Work instructions
In the records that follow, find the line with "Thiết kế nội"; from there, retype every line exactly through the line with "แหวนหมั้นเดี่ยว 14K ทองคำขาว", which also belongs to the answer.

Dataset records
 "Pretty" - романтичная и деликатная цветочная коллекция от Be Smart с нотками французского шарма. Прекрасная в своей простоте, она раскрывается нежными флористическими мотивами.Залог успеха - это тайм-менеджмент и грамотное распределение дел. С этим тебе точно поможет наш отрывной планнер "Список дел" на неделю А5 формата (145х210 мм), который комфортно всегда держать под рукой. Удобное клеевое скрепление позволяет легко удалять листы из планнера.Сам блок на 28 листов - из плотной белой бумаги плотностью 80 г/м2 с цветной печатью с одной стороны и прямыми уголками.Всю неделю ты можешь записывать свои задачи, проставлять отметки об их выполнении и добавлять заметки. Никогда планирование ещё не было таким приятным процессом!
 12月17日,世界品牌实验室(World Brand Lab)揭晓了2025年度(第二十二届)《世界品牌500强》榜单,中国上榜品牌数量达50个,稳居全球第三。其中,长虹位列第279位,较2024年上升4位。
...
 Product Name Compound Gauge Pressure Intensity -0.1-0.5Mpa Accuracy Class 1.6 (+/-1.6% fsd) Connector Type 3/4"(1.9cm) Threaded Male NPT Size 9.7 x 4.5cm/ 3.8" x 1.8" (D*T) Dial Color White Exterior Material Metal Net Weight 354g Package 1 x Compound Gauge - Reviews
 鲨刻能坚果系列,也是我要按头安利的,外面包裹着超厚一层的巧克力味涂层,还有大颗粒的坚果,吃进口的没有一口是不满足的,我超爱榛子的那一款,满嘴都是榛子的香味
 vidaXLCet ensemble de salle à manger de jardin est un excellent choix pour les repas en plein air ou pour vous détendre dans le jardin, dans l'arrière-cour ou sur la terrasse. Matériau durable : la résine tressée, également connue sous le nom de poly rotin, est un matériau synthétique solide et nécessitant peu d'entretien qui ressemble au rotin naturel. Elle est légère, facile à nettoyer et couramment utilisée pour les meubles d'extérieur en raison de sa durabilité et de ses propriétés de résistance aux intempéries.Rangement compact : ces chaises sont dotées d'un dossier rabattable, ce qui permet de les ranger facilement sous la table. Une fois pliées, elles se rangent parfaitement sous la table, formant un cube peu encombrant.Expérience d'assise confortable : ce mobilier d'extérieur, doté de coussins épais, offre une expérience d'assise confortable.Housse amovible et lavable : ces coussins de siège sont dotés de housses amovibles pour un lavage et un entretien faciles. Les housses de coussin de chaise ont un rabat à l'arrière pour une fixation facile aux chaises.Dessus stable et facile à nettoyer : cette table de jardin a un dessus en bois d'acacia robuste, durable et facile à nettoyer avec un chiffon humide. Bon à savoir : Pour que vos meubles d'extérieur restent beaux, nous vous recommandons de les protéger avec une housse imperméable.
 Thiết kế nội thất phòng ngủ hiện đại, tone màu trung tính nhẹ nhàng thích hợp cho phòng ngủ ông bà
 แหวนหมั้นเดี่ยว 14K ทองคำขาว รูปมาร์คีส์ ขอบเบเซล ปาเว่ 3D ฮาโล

Task answer
 Thiết kế nội thất phòng ngủ hiện đại, tone màu trung tính nhẹ nhàng thích hợp cho phòng ngủ ông bà
 แหวนหมั้นเดี่ยว 14K ทองคำขาว รูปมาร์คีส์ ขอบเบเซล ปาเว่ 3D ฮาโล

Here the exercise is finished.